Entries provided ▸

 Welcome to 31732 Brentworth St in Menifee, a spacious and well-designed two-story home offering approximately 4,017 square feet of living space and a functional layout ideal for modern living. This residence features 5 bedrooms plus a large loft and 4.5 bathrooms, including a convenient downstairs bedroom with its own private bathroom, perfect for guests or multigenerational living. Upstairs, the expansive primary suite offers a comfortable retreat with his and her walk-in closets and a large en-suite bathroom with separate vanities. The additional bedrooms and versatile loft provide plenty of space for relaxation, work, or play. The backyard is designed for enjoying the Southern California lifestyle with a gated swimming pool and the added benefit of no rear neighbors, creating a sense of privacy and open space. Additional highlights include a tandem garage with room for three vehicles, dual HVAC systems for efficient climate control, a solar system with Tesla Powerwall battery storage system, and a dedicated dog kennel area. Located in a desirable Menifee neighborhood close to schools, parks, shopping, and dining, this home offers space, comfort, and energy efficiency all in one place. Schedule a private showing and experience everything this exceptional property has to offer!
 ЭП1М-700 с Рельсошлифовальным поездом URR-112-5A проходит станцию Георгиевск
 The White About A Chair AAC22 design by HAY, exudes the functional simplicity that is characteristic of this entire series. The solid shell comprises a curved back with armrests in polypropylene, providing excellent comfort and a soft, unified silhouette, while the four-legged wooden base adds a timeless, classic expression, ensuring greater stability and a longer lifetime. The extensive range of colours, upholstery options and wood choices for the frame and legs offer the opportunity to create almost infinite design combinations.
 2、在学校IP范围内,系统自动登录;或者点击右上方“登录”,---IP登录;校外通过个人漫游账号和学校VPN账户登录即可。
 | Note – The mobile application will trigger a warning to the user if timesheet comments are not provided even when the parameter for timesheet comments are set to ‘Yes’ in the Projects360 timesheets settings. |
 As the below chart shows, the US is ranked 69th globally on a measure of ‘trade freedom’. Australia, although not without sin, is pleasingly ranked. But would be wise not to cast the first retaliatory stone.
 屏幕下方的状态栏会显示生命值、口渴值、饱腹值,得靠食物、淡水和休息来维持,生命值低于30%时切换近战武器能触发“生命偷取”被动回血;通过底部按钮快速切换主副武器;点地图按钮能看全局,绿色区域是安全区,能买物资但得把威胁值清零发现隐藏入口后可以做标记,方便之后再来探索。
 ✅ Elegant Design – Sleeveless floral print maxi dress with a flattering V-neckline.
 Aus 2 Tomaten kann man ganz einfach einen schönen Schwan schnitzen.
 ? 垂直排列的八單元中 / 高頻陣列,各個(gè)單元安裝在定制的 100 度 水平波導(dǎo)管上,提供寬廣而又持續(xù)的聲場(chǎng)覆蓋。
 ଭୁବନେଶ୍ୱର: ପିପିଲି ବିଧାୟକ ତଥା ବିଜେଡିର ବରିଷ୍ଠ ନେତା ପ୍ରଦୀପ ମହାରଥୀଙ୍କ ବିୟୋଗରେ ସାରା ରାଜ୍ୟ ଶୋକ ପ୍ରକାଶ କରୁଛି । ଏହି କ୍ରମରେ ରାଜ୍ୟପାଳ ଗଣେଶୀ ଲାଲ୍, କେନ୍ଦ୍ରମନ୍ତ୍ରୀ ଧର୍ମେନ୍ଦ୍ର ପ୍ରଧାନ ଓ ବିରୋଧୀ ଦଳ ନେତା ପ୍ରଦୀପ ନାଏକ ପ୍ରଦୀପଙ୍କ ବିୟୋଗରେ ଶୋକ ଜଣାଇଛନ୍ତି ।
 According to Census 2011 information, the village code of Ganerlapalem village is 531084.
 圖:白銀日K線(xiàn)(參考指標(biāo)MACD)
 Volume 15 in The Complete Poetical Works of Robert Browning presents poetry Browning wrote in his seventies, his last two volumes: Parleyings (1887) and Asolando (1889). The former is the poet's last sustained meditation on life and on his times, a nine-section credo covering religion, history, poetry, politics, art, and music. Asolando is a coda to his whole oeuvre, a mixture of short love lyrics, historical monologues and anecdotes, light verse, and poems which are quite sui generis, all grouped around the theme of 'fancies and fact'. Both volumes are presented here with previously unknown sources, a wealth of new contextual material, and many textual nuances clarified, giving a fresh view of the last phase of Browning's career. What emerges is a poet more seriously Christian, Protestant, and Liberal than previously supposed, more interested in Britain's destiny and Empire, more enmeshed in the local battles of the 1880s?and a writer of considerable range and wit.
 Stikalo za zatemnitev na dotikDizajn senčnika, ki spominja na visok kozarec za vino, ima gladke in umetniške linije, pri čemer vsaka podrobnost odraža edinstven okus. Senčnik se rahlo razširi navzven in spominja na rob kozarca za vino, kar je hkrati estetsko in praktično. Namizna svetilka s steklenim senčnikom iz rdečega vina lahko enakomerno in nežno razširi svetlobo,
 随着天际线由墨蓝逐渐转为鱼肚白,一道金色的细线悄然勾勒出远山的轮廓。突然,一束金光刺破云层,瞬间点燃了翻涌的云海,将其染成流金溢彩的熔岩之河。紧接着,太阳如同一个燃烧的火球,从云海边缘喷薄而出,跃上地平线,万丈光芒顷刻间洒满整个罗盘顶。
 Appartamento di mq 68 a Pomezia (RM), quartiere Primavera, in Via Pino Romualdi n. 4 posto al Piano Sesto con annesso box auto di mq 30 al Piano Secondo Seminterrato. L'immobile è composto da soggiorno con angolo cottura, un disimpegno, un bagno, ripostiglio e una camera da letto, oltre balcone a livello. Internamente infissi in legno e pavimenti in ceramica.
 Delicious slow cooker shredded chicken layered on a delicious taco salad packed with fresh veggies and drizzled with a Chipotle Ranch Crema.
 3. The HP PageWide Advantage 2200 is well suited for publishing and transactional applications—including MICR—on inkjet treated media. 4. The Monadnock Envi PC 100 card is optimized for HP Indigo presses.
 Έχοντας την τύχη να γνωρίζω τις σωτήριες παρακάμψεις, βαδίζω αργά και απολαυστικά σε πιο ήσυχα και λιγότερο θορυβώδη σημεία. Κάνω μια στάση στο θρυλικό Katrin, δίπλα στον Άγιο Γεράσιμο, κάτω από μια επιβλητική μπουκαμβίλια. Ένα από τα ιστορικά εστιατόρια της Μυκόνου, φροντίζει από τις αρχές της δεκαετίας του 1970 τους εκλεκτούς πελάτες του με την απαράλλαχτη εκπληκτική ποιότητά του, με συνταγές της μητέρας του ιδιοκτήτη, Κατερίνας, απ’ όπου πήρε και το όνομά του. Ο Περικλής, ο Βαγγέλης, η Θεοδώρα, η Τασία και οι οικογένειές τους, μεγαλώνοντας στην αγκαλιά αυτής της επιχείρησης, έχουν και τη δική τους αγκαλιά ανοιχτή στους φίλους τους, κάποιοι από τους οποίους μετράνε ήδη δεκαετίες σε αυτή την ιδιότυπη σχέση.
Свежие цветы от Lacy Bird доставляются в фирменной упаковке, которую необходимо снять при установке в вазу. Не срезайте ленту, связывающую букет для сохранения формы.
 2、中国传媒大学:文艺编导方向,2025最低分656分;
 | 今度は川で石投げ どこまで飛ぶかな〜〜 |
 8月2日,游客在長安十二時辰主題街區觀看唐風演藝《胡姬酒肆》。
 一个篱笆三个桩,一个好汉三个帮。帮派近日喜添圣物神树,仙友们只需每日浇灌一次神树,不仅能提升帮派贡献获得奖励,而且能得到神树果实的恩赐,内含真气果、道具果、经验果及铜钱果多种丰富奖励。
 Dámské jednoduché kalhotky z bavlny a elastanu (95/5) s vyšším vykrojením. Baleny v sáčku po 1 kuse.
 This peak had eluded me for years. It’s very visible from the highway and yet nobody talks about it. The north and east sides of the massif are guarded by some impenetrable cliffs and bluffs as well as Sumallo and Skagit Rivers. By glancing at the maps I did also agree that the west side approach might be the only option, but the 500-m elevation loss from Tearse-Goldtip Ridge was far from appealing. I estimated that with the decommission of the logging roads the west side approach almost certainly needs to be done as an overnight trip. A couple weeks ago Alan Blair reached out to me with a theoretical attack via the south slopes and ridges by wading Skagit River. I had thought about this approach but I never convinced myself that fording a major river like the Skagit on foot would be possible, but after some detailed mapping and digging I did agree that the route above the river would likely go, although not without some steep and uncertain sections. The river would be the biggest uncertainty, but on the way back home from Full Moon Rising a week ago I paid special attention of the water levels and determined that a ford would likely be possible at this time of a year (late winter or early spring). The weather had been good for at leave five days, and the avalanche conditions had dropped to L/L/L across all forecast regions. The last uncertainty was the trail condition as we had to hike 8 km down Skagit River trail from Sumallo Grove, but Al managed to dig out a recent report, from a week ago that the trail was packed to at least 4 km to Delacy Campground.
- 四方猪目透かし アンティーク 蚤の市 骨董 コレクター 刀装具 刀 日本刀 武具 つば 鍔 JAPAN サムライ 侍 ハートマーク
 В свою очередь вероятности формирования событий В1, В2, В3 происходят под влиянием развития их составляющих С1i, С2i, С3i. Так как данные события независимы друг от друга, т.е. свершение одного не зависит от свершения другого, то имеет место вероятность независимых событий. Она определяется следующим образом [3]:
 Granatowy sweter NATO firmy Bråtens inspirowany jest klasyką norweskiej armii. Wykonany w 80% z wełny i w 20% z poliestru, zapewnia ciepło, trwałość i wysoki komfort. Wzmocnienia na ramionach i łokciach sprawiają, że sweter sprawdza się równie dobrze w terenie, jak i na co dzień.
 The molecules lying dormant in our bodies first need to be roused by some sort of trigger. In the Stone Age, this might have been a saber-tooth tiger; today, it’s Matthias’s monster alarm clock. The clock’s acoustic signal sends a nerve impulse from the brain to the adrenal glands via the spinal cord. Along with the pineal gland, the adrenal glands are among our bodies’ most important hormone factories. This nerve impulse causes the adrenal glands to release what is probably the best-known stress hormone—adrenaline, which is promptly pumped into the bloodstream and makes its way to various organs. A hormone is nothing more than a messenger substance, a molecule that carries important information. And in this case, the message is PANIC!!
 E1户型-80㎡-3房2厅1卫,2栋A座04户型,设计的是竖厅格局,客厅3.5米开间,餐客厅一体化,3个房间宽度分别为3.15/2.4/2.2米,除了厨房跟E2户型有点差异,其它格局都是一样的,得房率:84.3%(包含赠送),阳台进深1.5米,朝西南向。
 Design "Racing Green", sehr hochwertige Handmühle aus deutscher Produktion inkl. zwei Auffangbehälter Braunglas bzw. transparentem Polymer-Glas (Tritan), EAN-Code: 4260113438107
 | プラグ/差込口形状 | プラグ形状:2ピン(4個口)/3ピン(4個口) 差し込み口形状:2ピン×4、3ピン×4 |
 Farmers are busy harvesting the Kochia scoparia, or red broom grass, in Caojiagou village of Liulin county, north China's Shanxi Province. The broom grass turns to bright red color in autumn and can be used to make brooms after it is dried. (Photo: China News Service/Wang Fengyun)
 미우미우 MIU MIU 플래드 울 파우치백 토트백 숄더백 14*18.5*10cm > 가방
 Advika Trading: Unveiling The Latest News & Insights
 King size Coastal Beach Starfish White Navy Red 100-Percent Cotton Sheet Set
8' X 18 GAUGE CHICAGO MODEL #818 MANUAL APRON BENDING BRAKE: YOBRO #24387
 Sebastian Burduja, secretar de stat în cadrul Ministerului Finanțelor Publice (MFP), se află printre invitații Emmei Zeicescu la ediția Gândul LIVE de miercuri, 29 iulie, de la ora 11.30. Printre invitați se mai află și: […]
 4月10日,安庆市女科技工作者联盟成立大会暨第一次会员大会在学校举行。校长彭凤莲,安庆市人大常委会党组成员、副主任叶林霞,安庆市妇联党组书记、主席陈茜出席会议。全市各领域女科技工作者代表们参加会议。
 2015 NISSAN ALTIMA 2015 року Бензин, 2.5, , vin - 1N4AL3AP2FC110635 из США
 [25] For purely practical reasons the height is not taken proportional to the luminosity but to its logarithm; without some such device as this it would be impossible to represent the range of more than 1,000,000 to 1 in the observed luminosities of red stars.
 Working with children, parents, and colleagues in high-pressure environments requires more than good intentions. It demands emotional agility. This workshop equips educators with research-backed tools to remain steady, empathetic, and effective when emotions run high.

Exercise ▸ Filter the entries down to the lines holding the string "first". Copy each of those lines.

Result of this exercise ▸
 As the below chart shows, the US is ranked 69th globally on a measure of ‘trade freedom’. Australia, although not without sin, is pleasingly ranked. But would be wise not to cast the first retaliatory stone.
 The molecules lying dormant in our bodies first need to be roused by some sort of trigger. In the Stone Age, this might have been a saber-tooth tiger; today, it’s Matthias’s monster alarm clock. The clock’s acoustic signal sends a nerve impulse from the brain to the adrenal glands via the spinal cord. Along with the pineal gland, the adrenal glands are among our bodies’ most important hormone factories. This nerve impulse causes the adrenal glands to release what is probably the best-known stress hormone—adrenaline, which is promptly pumped into the bloodstream and makes its way to various organs. A hormone is nothing more than a messenger substance, a molecule that carries important information. And in this case, the message is PANIC!!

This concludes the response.